Studies of Newly Synthesized Octahedral Copper Complexes Based on Coumarins Along With Their...

ISSN No:APPLY FOR, V – 1, I – 1, 2014 Journal Club for Applied Sciences (JCAS)

Manuscript No: JCAS/RES/2014/10, Received On: 02/08/2014 , Revised On : 05/08/2014, Accepted On: 10/08/2014

RESEARCH ARTICLE

© All Rights Reserved by “Journals Club & Co.” 1

Studies of Newly Synthesized Octahedral Copper Complexes Based on Coumarins Along

With Their Antioxidant, Anti-Tubercular And Antimicrobial Activity Evaluation

Patel KA1, Patel SK2, Patel CJ1, Dholariya RH1, Patel DK* 1 Chemistry Department, V. P. & R. P. T. P. Science College, Sardar Patel University,

Vallabh Vidhyanagar – 388 120, Gujarat – India 2 Chemistry Department, Shree P. M. Patel Institute of PG studies and research in science, Anand – 388 001, Gujarat – India

ABSTRACT

Some newly heterochelates synthesized by reflux of 3-acetyl 4-hydroxy coumarin, Enrofloxacin

and transition metal. 1H, 13C, IR and ESI Mass confirm the formation of ligand. The

heterochelates were characterized on the basis of different spectroscopic techniques like IR

studies and elemental analysis while the geometry of complexes was octahedral which is

confirmed by electronic spectra analysis. The compounds were subjected to antimicrobial,

antioxidant and anti-tubercular activity viewing using serial broth dilution method and Minimum

Inhibitory Concentration (MIC) is determined.

KEYWORDS

Biological aspect, Enrofloxacin, Metal Chelates

INTRODUCTION Coumarins comprise a really giant category

of compounds found throughout the

kingdom Plantae. they're found at high

levels in some essential oils, notably

cinnamon bark oil (7,000 ppm), cassia leaf

oil (up to eighty seven,300 ppm) and

lavender oil.
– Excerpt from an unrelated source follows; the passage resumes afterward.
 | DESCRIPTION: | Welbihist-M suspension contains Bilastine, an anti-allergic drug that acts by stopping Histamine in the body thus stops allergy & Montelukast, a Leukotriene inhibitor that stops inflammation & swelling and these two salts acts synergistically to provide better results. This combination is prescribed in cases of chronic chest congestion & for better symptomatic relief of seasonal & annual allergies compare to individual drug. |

Coumarin is additionally found

in fruits (e.g. bilberry, cloudberry), tea and

different foods like chicory [1]. Most

coumarins occur in higher plants, with the

richest sources being the rue family and

carrot family. though distributed throughout

all elements of the plant, the coumarins

occur at the best levels within the fruits,

followed by the roots, stems and leaves.

*Address for Correspondence:

Atul K. Patel, Chemistry Department, V. P. & R. P. T. P. Science College, Sardar Patel University, Vallabh Vidhyanagar, Gujarat, India.
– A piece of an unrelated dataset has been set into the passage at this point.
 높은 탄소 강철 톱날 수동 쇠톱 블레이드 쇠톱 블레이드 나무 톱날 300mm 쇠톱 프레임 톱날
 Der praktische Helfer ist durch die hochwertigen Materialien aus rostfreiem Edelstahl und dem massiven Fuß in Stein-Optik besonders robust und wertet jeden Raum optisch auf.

Environmental conditions and seasonal

changes will influence the incidence in

numerous elements of the plant. Recently

six new minor coumarins are isolated from

the fruits and also the stem bark of genus

Calophyllum dispar (Clusiaceae). The genus

Calophyllum, that includes two hundred

species, is cosmopolitan within the tropical

rain forest wherever many species square

measure employed in people drugs [2].

though most of the natural coumarins alive

are isolated from the upper plants, some

members are discovered in microorganisms.
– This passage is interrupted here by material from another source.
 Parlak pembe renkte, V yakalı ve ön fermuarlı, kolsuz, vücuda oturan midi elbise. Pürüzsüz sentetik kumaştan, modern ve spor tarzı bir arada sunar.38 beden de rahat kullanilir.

Some vital coumarin members are isolated

from microorganism sources e.g. antibiotic

and coumermycin from actinomycete, and

aflatoxins from Aspergillus species.

Quinolones (quinolonecarboxylic acids or 4-

quinolones) are antibacterial drugs and are

commonly used as treatment for many

infections [3] since they can effectively

inhibit DNA replication. Enrofloxacin

(=Herx, Fig. 1) is a typical second-

generation quinolone antimicrobial drug

presenting a broad spectrum of activity

against a wide range of Gram-negative and

Gram-positive bacteria, including those

resistant to β-lactam antibiotics and

sulfonamid. Enrofloxacin is the first

fluoroquinolone developed for veterinary

application and is usually used for the

treatment of some urinary tract, respiratory

tract and skin infectious diseases in pets and

livestock.

Experimental

Materials

All reagents were of analytical reagent (AR)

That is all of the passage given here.